Weiglein Tobias, Zimmermann Markus, Niesen Wolf-Dirk, Hoffmann Florian, Klein Matthias
Emergency Department, Hospital of the Ludwig-Maximilians-University (LMU) Munich, Munich; Department of Medicine III, Hospital of the Ludwig-Maximilians-University (LMU) Munich, Munich; Interdisciplinary Emergency Department, University Medical Center Regensburg, Regensburg; Department of Neurology, University Medical Center Freiburg, Freiburg; Kinderklinik und Kinderpoliklinik im Dr von Hauner Children's Hospital, Hospital of the Ludwig-Maximilians-University (LMU) Munich, Munich; Department of Neurology, Hospital of the Ludwig-Maximilians-University (LMU) Munich, Munich.
Dtsch Arztebl Int. 2024 Jul 26;121(15):508-518. doi: 10.3238/arztebl.m2024.0079.

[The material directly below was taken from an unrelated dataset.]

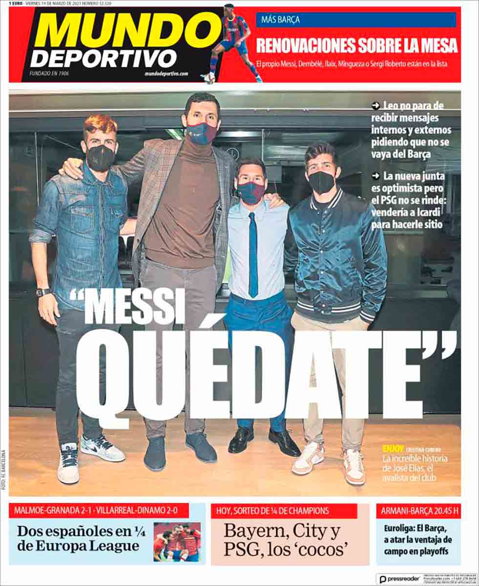 Aquí también hay que buscar el sorteo con lupa. También está en el faldón inferior, también en medio y también con un espacio reducidísimo. Pero atención al texto: “Hoy, sorteo de 1/4 de Champions. Bayern, City y PSG, los cocos”. Se diría que es el mismo texto de Sport, pero no. Sport tiene la delicadeza de especificar PARA QUIÉN son un coco esos tres equipos. Mundo Deportivo, en cambio, prefiere obviar el nombre del Madrid, eliminarlo de su portada. Una cosa es hablar de un sorteo de Cuartos en el cual NO está el Barça, y otro regodearse en el suplicio de que SÍ esté el Madrid. “Bayern, City y PSG, los cocos”. Los cocos ¿PARA QUIÉN, Mundo Deportivo? Venga, dilo, tú puedes. La primera letra es una erre. Es un sonido vibrante alveolar múltiple. Trata de pronunciarlo, Mundo Deportivo. Rrrrrr. Vamos. Rrrrrrr. Rrrrre. Rrrrrrrrre. Rrrrrrrea...

Mortality in patients with acute onset of impaired consciousness is high: as many as 10% do not survive. The spectrum of differential diagnoses is wide, and more than one underlying condition is found in one-third of all cases. In this article, we describe a structured approach to patients with acute onset of impaired consciousness in the emergency department.
This review is based on pertinent articles retrieved by a selective search of PubMed and on the AWMF guidelines on the most common causes of impairment of consciousness.
Impairments of consciousness are classified as quantitative (reduced wakefulness) or qualitative (abnormal content of consciousness). Of all such cases, 45-50% have a primary neurological cause, and approximately 20% are of metabolic or infectious origin. Some cases are due to intoxications, cardiovas - cular disorders, or psychiatric disorders. Important warning signs ("red flags") in acute onset of impaired consciousness are a hyperacute onset, pupillomotor disturbances, focal neurologic deficits, meningismus, headache, tachycardia and tachypnea (with or without fever), muscle contractions, and skin abnormalities. Patients with severely impaired consciousness should be initially treated in the shock room according to the ABCDE scheme.
Acute onset of impaired consciousness is a medical emergency. Red flags must be rapidly recognized and treatment initiated immediately. Patients with severely impaired consciousness of new onset and uncertain cause, status epilepticus, lack of protective reflexes, or a new, acute neuro - logic deficit should be admitted via the resuscitation room.
急性意识障碍患者的死亡率很高:多达10%的患者无法存活。鉴别诊断范围广泛,三分之一的病例存在不止一种潜在病因。在本文中,我们描述了一种在急诊科针对急性意识障碍患者的结构化诊疗方法。
本综述基于通过选择性检索PubMed获取的相关文章以及德国医学专业协会(AWMF)关于意识障碍最常见病因的指南。
意识障碍分为定量性(清醒度降低)或定性性(意识内容异常)。在所有此类病例中,45%-50%有原发性神经病因,约20%源于代谢或感染。有些病例是由中毒、心血管疾病或精神疾病引起的。急性意识障碍的重要警示信号(“红旗征”)包括超急性起病、瞳孔运动障碍、局灶性神经功能缺损、颈项强直、头痛、心动过速和呼吸急促(伴或不伴发热)、肌肉收缩及皮肤异常。意识严重障碍的患者应首先在休克室按照ABCDE方案进行治疗。
急性意识障碍是一种医疗急症。必须迅速识别红旗征并立即开始治疗。新发且病因不明、存在癫痫持续状态、缺乏保护性反射或有新的急性神经功能缺损的意识严重障碍患者应通过复苏室收治。